Il fallait trouver un serviteur de D.ieu mûr et spirituel pour prendre la responsabilité de la vice-présidence de cette association. Après avoir prié, Haïm s’est tourné vers un pasteur que nous connaissions dans la ville que nous avions quittée tout au début de notre vie chrétienne et lorsque cette sœur a appris la chose elle nous a fait connaître dans une vive réaction sa déception de voir mon mari, du fait de l’acceptation du poste de vice-président par un pasteur connu sur la place, encouragé dans son travail spirituel alors qu’elle se heurtait depuis des années au refus des pasteurs de la ville de la reconnaître comme pasteur. C’était insupportable à vivre pour elle !.
Elle était pleine d’amertume, de colère, et nous en a voulu certainement longtemps. Nous n’aurions pas pensé que cela pouvait produire une telle réaction de jalousie de sa part et nous avons prié à l’époque pour comprendre. Le Seigneur commençait à nous instruire concernant Ses principes pour l’homme et la femme, l’identité, travaillant dans notre couple tout d’abord.
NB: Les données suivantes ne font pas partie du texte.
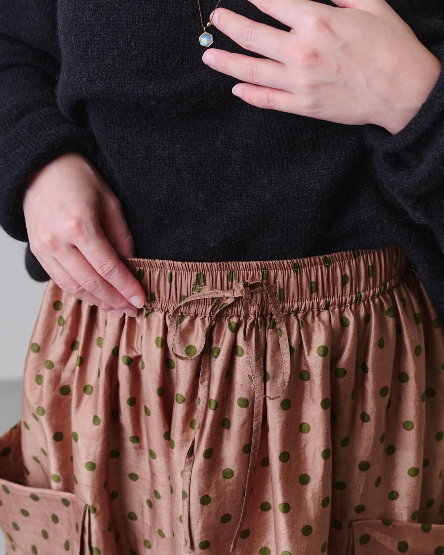 Khadi silk polka dots print Layered skirt

Il a montré à mon mari que cette sœur était profondément frustrée par rapport à son frère qui avait un ministère béni et que, d’une manière bien inconsciente, elle avait mis en place tout un ministère construit à main « de femme ». Si l’on ne se tournait pas vers elle mais vers un homme, elle ne pouvait l’accepter car elle était dans toutes ses relations conditionnée par sa relation fondamentalement frustrée par rapport à son frère, qui faussait sa conception même du ministère. Et ces relations faussées étaient avant tout le fruit d’un manque d’amour, du manque de reconnaissance d’un père qui avait été lui aussi pasteur et qui avait accordé à son fils d’avantage d’attention qu’à sa fille…
S’il y a une leçon à tirer de cette histoire, c’est bien celle-ci : il importe, avant de rentrer dans un appel, quel qu’il soit, d’avoir fait le point concernant notre identité, nos relations aux autres, et de savoir si nos motivations sont véritablement fondées sur la volonté de D.ieu. La jalousie, la convoitise, l’autorité humaine,… sont des œuvres de la chair et il nous revient en tant que croyantes de nous laisser interpeller en profondeur puis transformer par D.ieu dans ces domaines si importants, avant de répondre à Son appel. Peut-être, après avoir laissé D.ieu faire ce travail de nettoyage dans nos cœurs, découvrirons-nous que nous avons tout simplement construit nous-mêmes un « ministère » fantôme, afin de combler un manque quelque part… Une fois comblées par l’amour du Seigneur, une fois toutes choses à leur place, nous n’éprouverons plus le besoin de prendre la place qui ne nous revient pas, et nous prendrons celle qui nous est réservée de toute éternité par notre Père céleste.